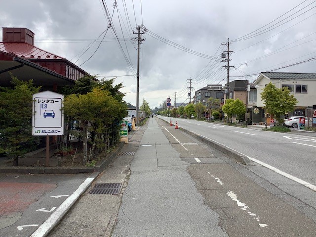 ⑥ 駅レンタカーの営業所から70mほど直進し、左手「駅レンタカー」の看板を目印に、駐車場へ入ります。 |
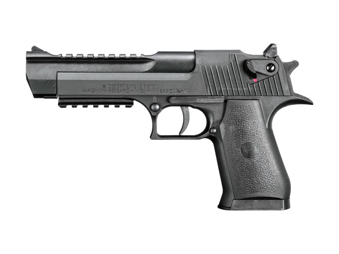 While not a fully functional copy of the legendary IWI Desert Eagle, the air pistol version is a big, weighty, .177-caliber pellet gun designed in the likeness of the real Desert Eagle by Magnum Research, Inc. Usable by both left- and right-handers, this air gun has built-in Picatinny rails for mounting various accessories such as tactical lights and electronic sights. The Desert Eagle air pistol is powered by one 12-gram CO2 cylinder that inserts in the bottom of the grip. The slide opens at the push of a lever to reveal an eight-shot rotary magazine, thus the internal operation is like a revolver. However, unlike most models with rotary magazines, the action on the Desert Eagle functions to provide a realistic effect when shooting. (umarexusa.com; 479-646-4210)
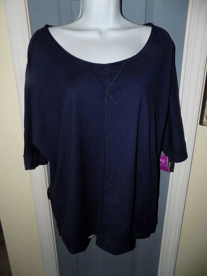 JUST MY SIZE Navy Blue Short Sleeve Crew Tee 1X (16W) Women's NEW
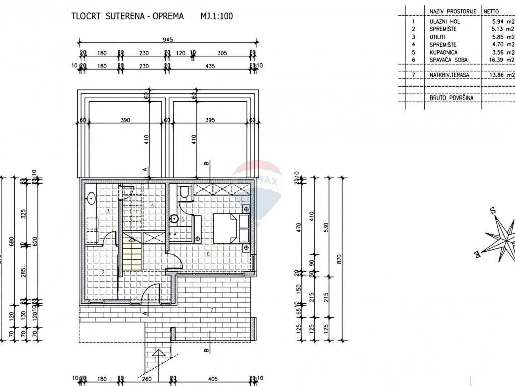 Basement (48.50 m²) – Includes an entrance area, storage room, utility room, bathroom, bedroom, and a covered terrace.
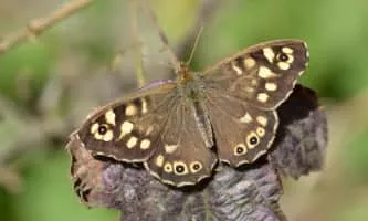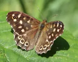 | Did you know | Speckled woods have brown wings with creamy-yellow spots; there is one black and white eyespot on the forewing and three on the hind. |
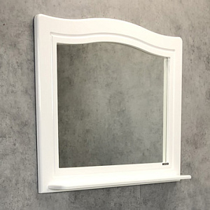 Зеркало в неоклассическом стиле из высококачественного полотна с амальгамой на основе серебра. Полка для размещения принадлежностей для умывания.

◇ ◇ ◇

Exercise - Repeat the listing verbatim without its pictures.

Solution for this exercise -
 ⑥ 駅レンタカーの営業所から70mほど直進し、左手「駅レンタカー」の看板を目印に、駐車場へ入ります。 |
 While not a fully functional copy of the legendary IWI Desert Eagle, the air pistol version is a big, weighty, .177-caliber pellet gun designed in the likeness of the real Desert Eagle by Magnum Research, Inc. Usable by both left- and right-handers, this air gun has built-in Picatinny rails for mounting various accessories such as tactical lights and electronic sights. The Desert Eagle air pistol is powered by one 12-gram CO2 cylinder that inserts in the bottom of the grip. The slide opens at the push of a lever to reveal an eight-shot rotary magazine, thus the internal operation is like a revolver. However, unlike most models with rotary magazines, the action on the Desert Eagle functions to provide a realistic effect when shooting. (umarexusa.com; 479-646-4210)
 JUST MY SIZE Navy Blue Short Sleeve Crew Tee 1X (16W) Women's NEW
 Basement (48.50 m²) – Includes an entrance area, storage room, utility room, bathroom, bedroom, and a covered terrace.
 | Did you know | Speckled woods have brown wings with creamy-yellow spots; there is one black and white eyespot on the forewing and three on the hind. |
 Зеркало в неоклассическом стиле из высококачественного полотна с амальгамой на основе серебра. Полка для размещения принадлежностей для умывания.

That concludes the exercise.